L'Homme et les sangsues Eugénie et Laure Fiot (19ème siècle)

Un riche, un heureux de ce monde,
Fameux en cent lieux ç la ronde,
Promenait ses loisirs, dans un léger bateau,
Sur un étang tranquille, ente le ciel et l'eau.
Ne trouvant pas encor sa fortune assez ronde,
Il faisait des calculs, des comptes fort enflés,
Et croyait voir déjà ses capitaux triples.
Il advient qu'à l'instant de nombreuses sangsues
Serpentant sur les eaux, le troublent dans ses vues.

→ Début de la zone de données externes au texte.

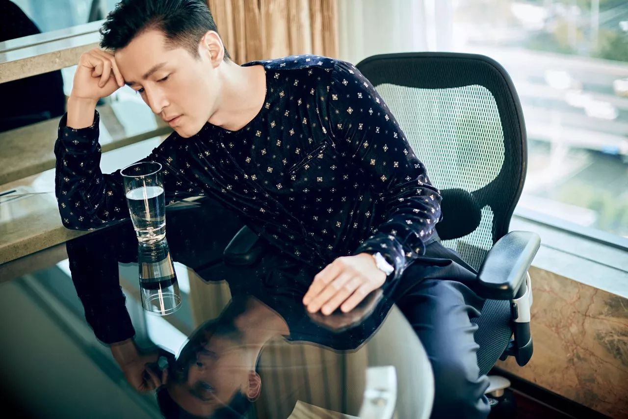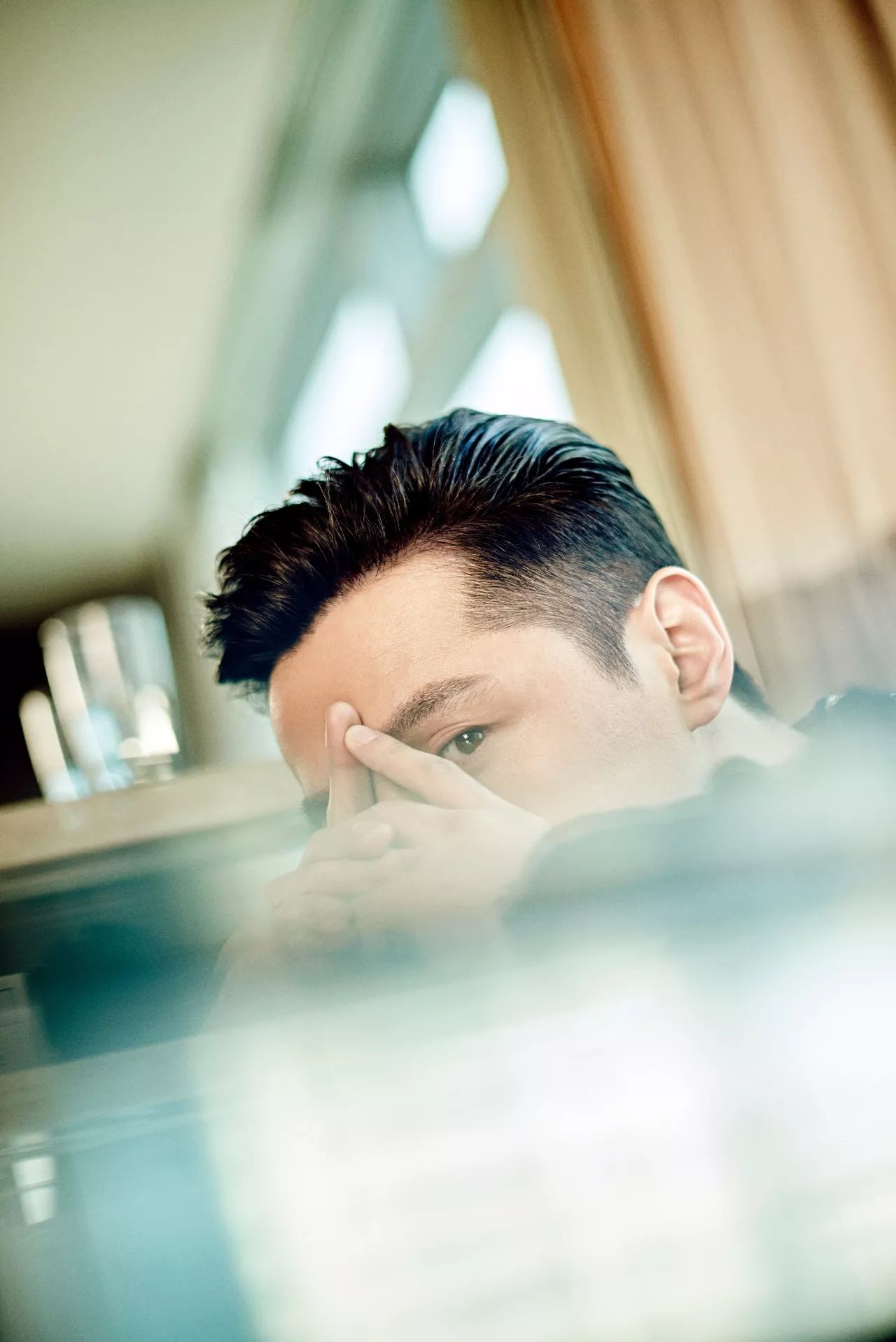 下午5点半,胡歌背后的窗外已经黑下来。由于光线不足,他的脸在顶灯的垂直照射下,开始显得有些松弛和疲惫。他用手指着脸告诉我们:「我的右脸是过去,左脸是现在。」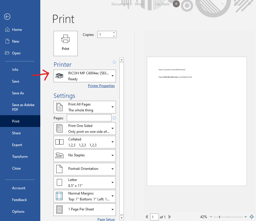 7. Select Printer (RICOH MP – Printer, Scanner)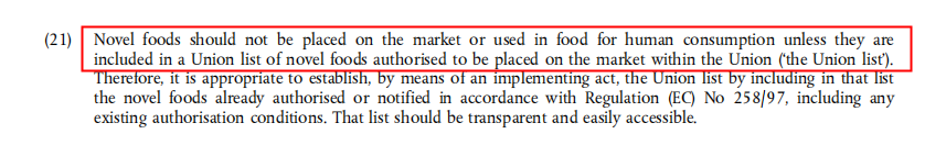 根据欧盟法规(EU) 2015/2283,新型食品(Novel Food)为1997年5月15日(首个Novel Food法规生效)前,在欧盟范围内,尚未广泛食用的食品。
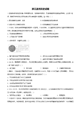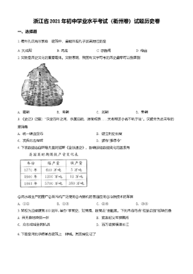 精品解析:2021年浙江省温州市中考历史试题(原卷版).doc

« Que voulez-vous, dit-il ? passez votre chemin,
Vous, buveuses de sang humain,
Vous êtes de cruelles bêtes ! »
A ces mots, celles-ci redressèrent leurs têtes
Et l'une d'elles vint lui tenir ce propos :
« Homme injuste ! aux humains, loin de causer des maux
Nous guérissons leurs maladies,
Et buvant tout leur mauvais sang,
Nous leur sacrifions nos vies.
Mais il est, parmi vous, voire même en haut rang,
Des gens qui, dépouillant une bonne nature,
Tout en se proclamant honnêtes, vertueux,
Du sang des malheureux
Font leur triste pâture. »
Vous croyez qu'a ces mots notre homme dut crier ;
Du tout, il resta coi. C'était un usurier.
L'accusateur souvent est puni le premier.